10. The method of claim 1 wherein the conjugate is administered orally as a tablet or a capsule.

11. The method of claim 1 wherein the amount administered is 20-80 mg, two to three times daily.

12. The method of claim 1 wherein the tumor growth is malignant or non-malignant.

13. A method of inhibiting lung tumorigenesis in a human in need thereof, which method comprises oral administration of 20-80 mg capsules of PEITC-NAC, two to three times daily, at the post-initiation stages of tumor growth.

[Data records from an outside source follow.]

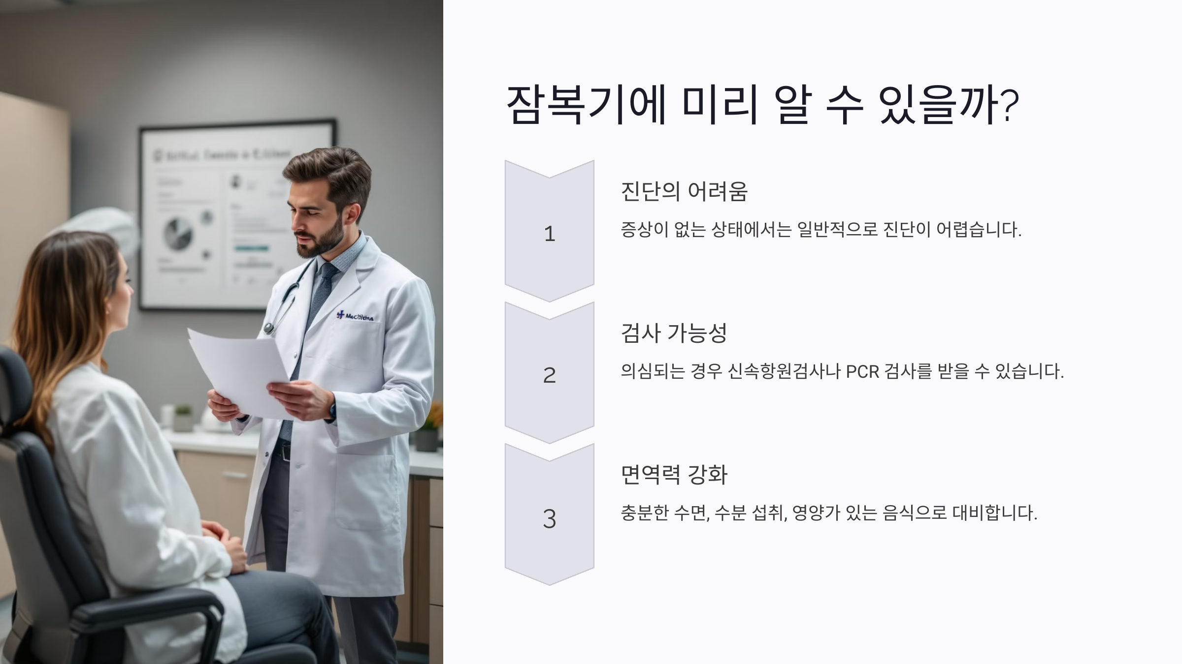 잠복기 동안에는 고열, 기침, 목 통증 같은 전형적인 증상이 나타나지 않지만, 일부 사람들은 몸살 기운, 가벼운 두통, 피로감 같은 미미한 신호를 느끼기도 해요. 하지만 이런 신호는 다른 원인으로 오해하기 쉽답니다.
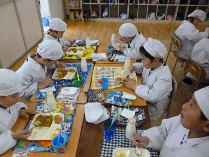 新しいクラスになり初めての給食。ラッキー人参に盛り上がり
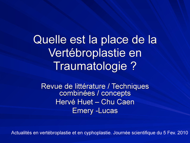 Revue de littérature / Techniques combinées / concepts Hervé Huet – Chu Caen Emery -Lucas Actualités en vertébroplastie et en cyphoplastie. Journée scientifique du 5 Fev. 2010
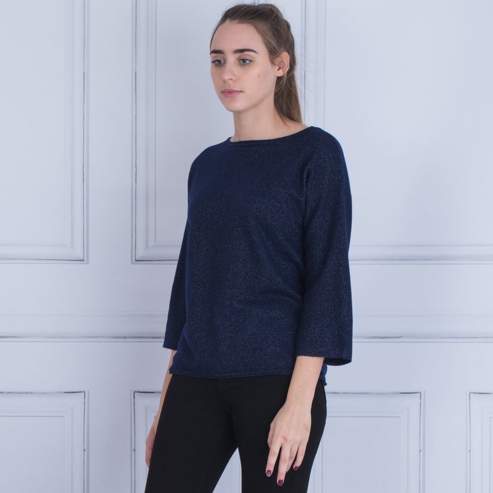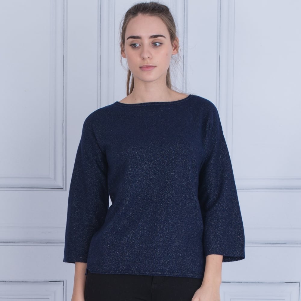 Cocoa Cashmere Round Neck Button Back Jumper Navy
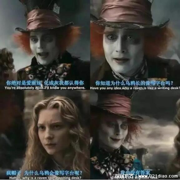 然后疯帽子就明白了,天真的爱丽丝是在说喜欢他没有任何理由。可是后来爱丽丝要离开了,临走的时候疯帽子说:“你会忘掉这里的一切的”,爱丽丝或:“不会的,因为乌鸦像写字台”。
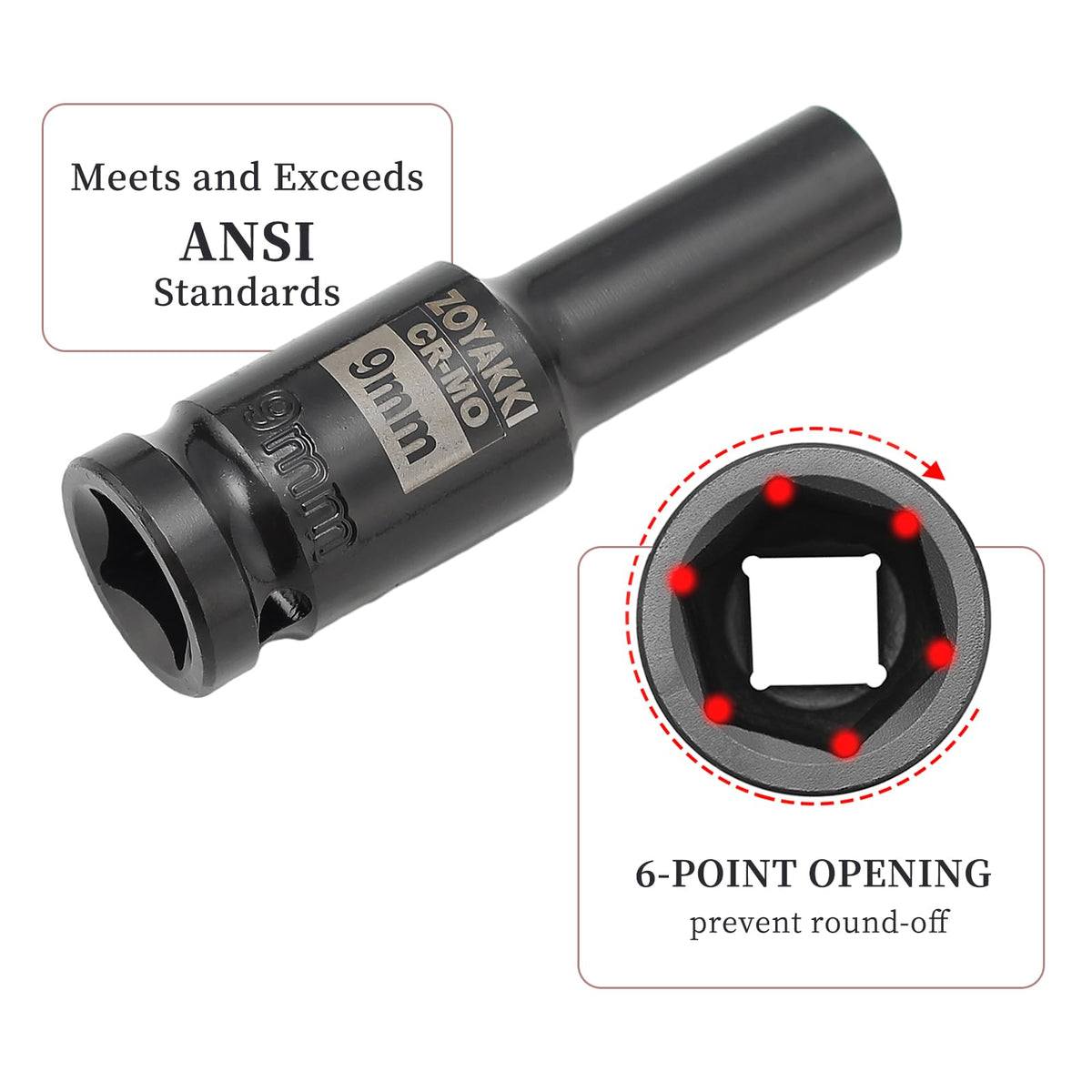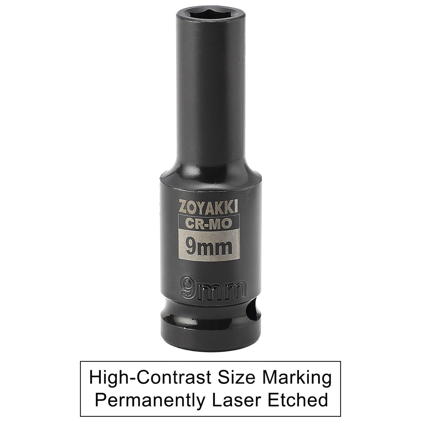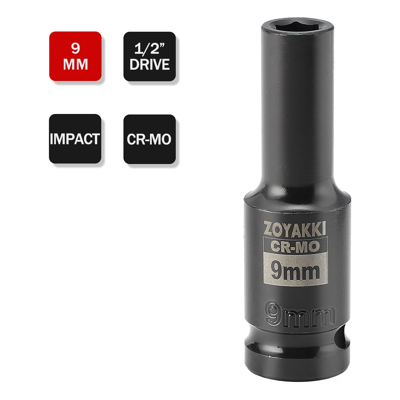 Zoyakki 1/2' Drive X 9 Mm Deep 6 Pt Impact Socket, Cr-Mo, 1/2-Inch Drive 6 Point Axle Nut Socket For Easy Removal Of Axle Shaft Nuts (9Mm)

14. A method of inhibiting lung tumorigenesis in a mammal in need thereof, which method comprises administering to a human an effective amount of phenethyl isothiocyanate NAC conjugate at the post-initiation stages of cancer.

15. A pharmaceutical formulation comprising an isothiocyanate conjugate and a pharmaceutically acceptable carrier.

16. A pharmaceutical formulation of claim 15, wherein the pharmaceutically acceptable carrier is a USP grade buffered solution.

17. A pharmaceutical formulation of claim 15, wherein the isothiocyanate conjugate is selected from the group consisting of phenethyl isothiocyanate-NAC, benzyl isothiocyanate-NAC, and sulforaphane-NAC.